After my birthday, they stopped saying that. I am 50 so what's the point of pretending? So when Colleen followed up with an announcement that work would pay for anyone to join a weight-loss and exercise program, I jumped.

It's been four weeks now on the "Choose to Lose" program, which includes a book and a Web site and has become, for the 13 of us, a religion. It takes a mainstream approach, a common-sense alternative to fat-busting pills and grapefruit diets. It's low in fat, high in fruits, veggies and fiber and requires daily exercise. Instead of fat grams, we count fat calories. We have a daily fat budget; for me, a 5-foot-10, 214-pound male who wants to be 185 again, it's limited to 481 fat calories a day.

Whether it will make me a pre-50 version of myself remains to be seen. We all pledged not to weigh ourselves until the program ends in April. But Choose to Lose has already transformed my eating habits, replacing my Egg McMuffins (142 fat calories) with oatmeal (25 fat calories) and my late-night Hdagen Dazs Vanilla Swiss Almond (190 fat calories) with a Granny Smith apple (0).

A Choose to Lose case in point: The other day I had an hour drive back to work and was starving. Oases of fat beckoned to me from the roadside: Checkers, Dunkin Donuts, Steak 'n Shake, a rib shack, all my old haunts. So where did I stop? Wendy's for a baked potato, plain, zero fat calories. I did add a little margarine (60 fat calories); I'm not a masochist. And you know what? It tasted great.
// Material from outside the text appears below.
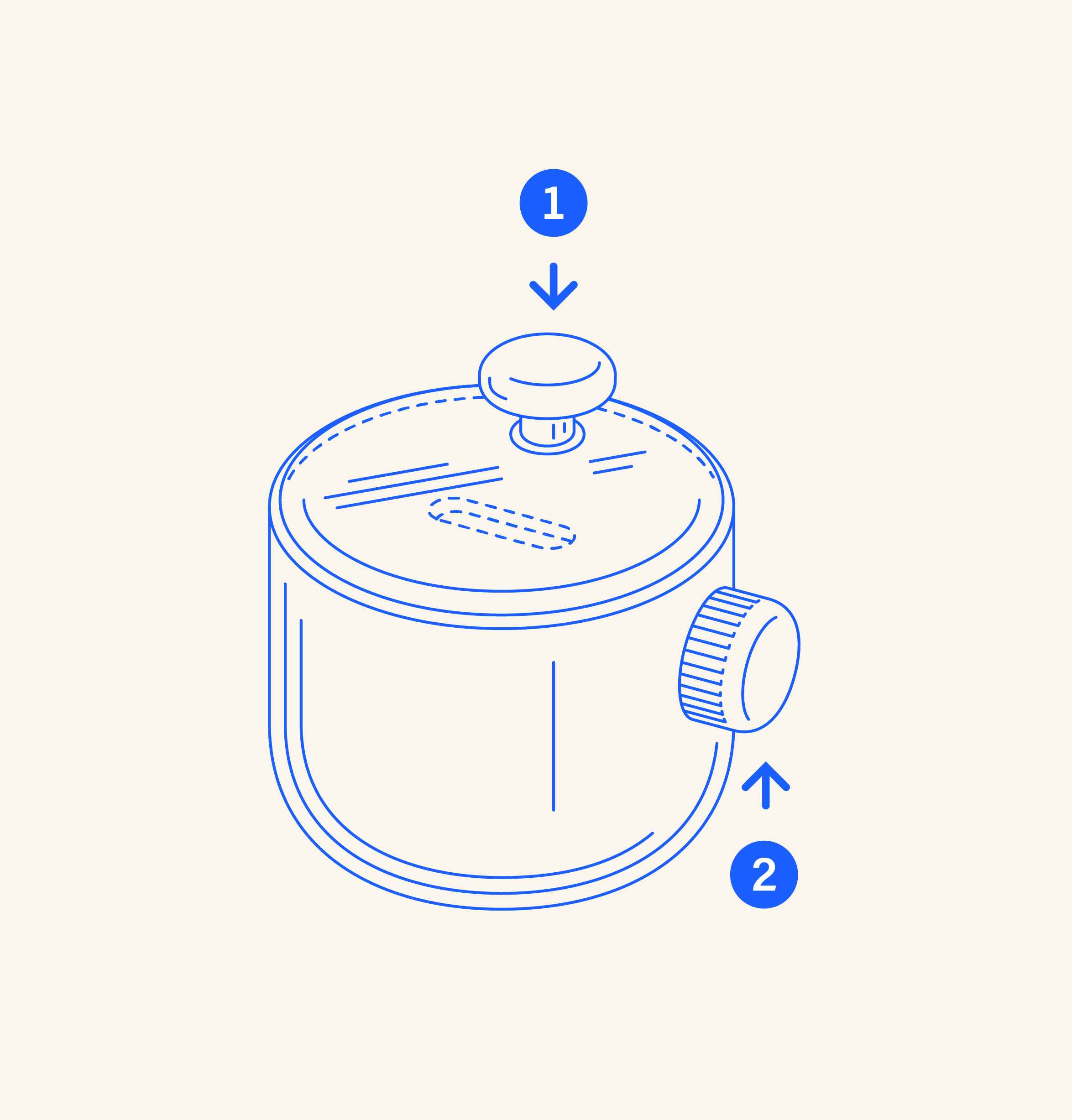 Front View: (1) Push Button (2) Reset Knob

More temptation loomed: a reception for editors at work. Since these were top newspaper editors the menu includes stuffed lobster tails, veal and a fat and cholesterol-laden irresistible dessert. That meant I needed exercise to get my metabolism into high gear and eat some nutritional bulwarks to steel my will at the dinner table.

Fortunately, a three-month membership at St. Anthony's Fitness Connection is the other half of our self-improvement program. In preparation for the evening's pigout, I treadmilled for 30 minutes and climbed stairs for 15 and then came home, dripping sweat and famished, and loaded up with a bowl of oatmeal with raisins, strawberries and fat-free milk.
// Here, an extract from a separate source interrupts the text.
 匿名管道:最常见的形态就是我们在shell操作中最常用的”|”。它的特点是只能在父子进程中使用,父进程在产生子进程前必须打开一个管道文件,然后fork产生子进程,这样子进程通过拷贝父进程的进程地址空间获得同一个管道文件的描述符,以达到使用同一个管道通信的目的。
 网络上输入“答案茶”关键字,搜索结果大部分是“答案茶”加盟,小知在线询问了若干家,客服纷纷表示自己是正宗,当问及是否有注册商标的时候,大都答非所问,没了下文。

That night I splurged, grazing on caviar, cheese puffs, lobster tails and veal (I did scrape the breading off) but only ate half the chocolate cheesecake, which for me is a demonstration of monumental self-control.

Can I keep this up? I hope so. Would I be doing any of this if I weren't 50? I doubt it. There's something about this passage that scares and saddens me. Somehow, and I can thank AARP for contributing to the feeling, the prospect of retiring signals an end that I don't want to arrive. The days seem shorter and I want them to last longer. Eating better, feeling my thighs scream as I paddle up one more digital hill on the Stairmaster, gives me hope
that I can live to 100. Or at least to 89.208.

Perhaps my bias about retirement is fueled by the word's earliest
use, etymology that lingers like linguistic DNA in our sensibilities. When the French spoke of retiring in the 1500s they were describing military forces drawing back from battle, usually in defeat. Only with the 20th century, Social Security and longer life spans, did the idea of withdrawing to relax rather than licking wounds come into vogue.

And therein, I decide, lies my problem. At 50, I'm ready to charge, even if it's only up a Stairmaster, not retreat. I want to decide my fate or at least the parts of it I have control over. Retirement may be thrust on me by forces outside of my control -- illness,
disability, corporate decisions.

So you know what? I'm not going to open the letter. I won't shred it. I may just put it back in the mailbox with a scrawled reply on the front: "No such person."

So thanks, AARP, but no thanks. Take this Membership Certificate and Temporary Membership Card and retire it.